Task description
In the records below, find the line containing "Faherty Women’s Organic" and print it and every line after it exactly, through the end. Skip pictures.
=== Begin Enclosure ===
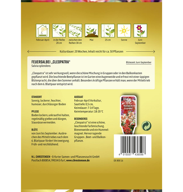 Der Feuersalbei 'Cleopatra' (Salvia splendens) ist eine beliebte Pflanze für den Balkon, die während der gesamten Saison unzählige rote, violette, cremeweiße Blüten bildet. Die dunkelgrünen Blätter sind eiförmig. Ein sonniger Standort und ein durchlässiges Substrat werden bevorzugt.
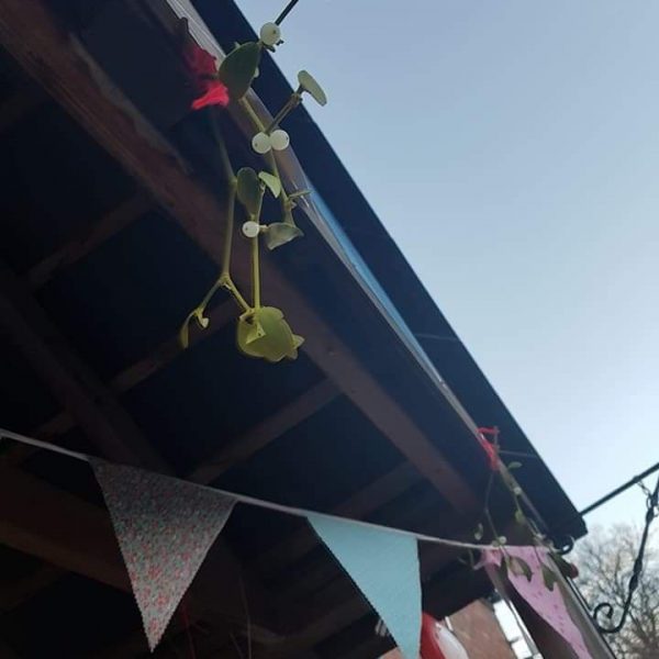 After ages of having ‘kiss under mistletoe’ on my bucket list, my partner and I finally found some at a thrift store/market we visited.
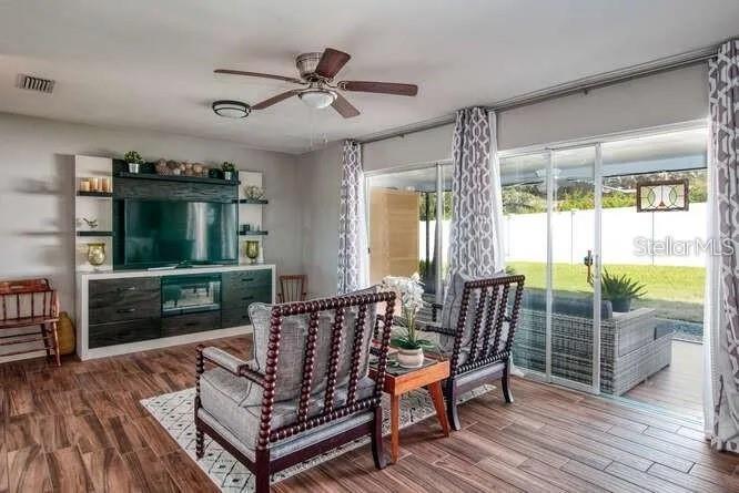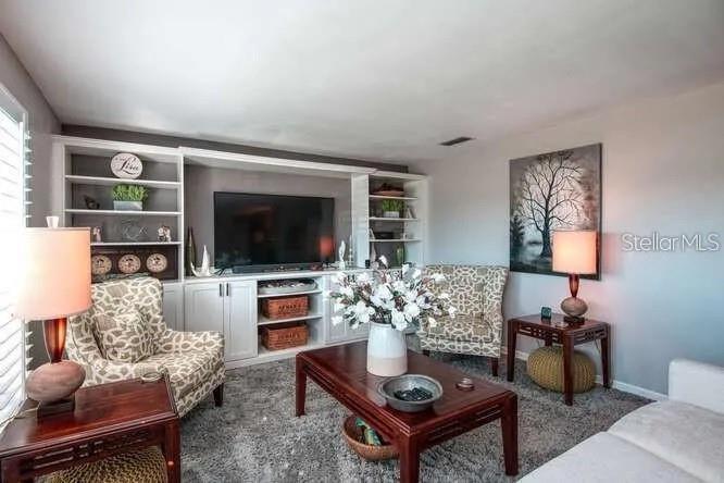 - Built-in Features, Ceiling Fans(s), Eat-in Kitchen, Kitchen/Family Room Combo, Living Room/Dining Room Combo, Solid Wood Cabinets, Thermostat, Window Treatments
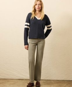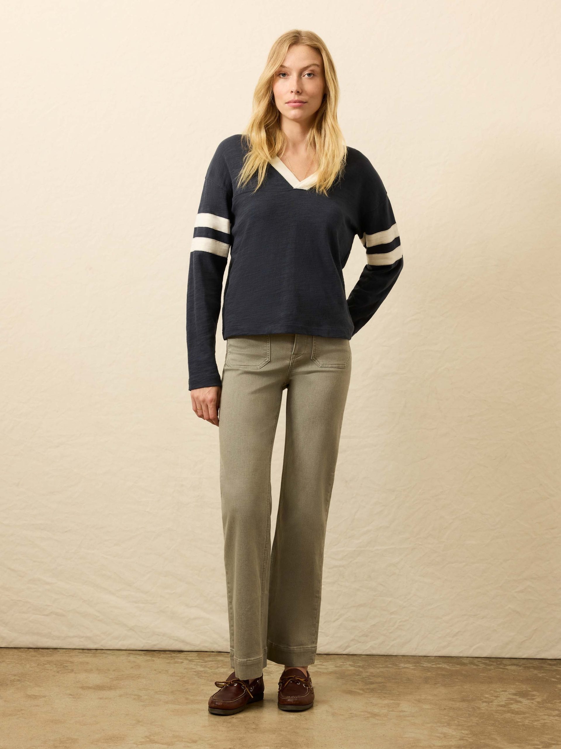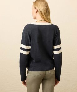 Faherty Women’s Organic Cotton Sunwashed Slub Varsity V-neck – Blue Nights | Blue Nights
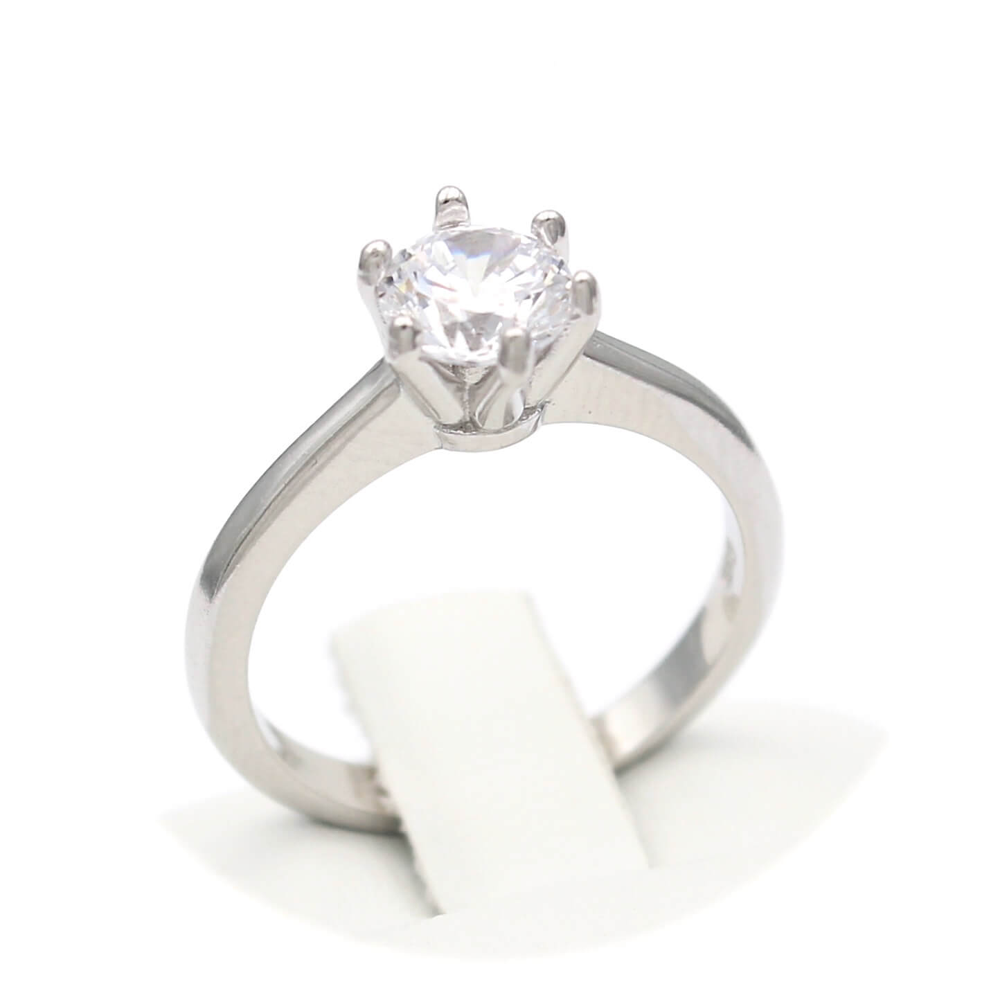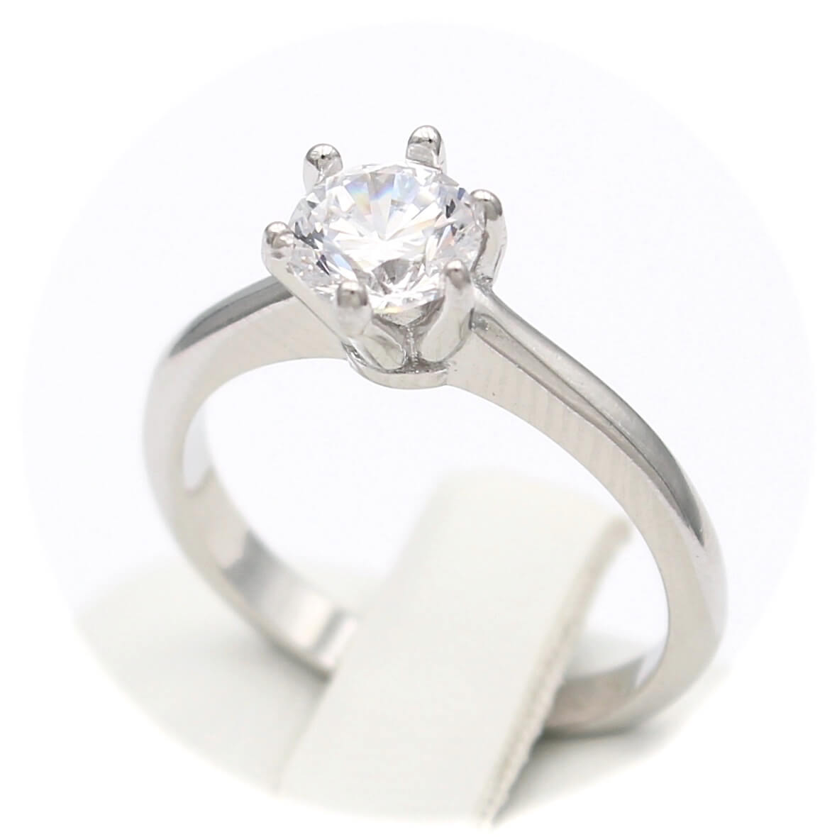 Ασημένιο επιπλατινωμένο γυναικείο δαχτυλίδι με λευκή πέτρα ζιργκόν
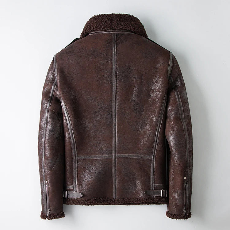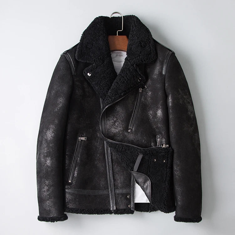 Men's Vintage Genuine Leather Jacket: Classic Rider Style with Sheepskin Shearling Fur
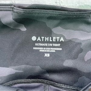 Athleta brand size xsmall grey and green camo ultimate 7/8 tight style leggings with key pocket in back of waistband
=== End Enclosure ===
Solution below
 Faherty Women’s Organic Cotton Sunwashed Slub Varsity V-neck – Blue Nights | Blue Nights
 Ασημένιο επιπλατινωμένο γυναικείο δαχτυλίδι με λευκή πέτρα ζιργκόν
 Men's Vintage Genuine Leather Jacket: Classic Rider Style with Sheepskin Shearling Fur
 Athleta brand size xsmall grey and green camo ultimate 7/8 tight style leggings with key pocket in back of waistband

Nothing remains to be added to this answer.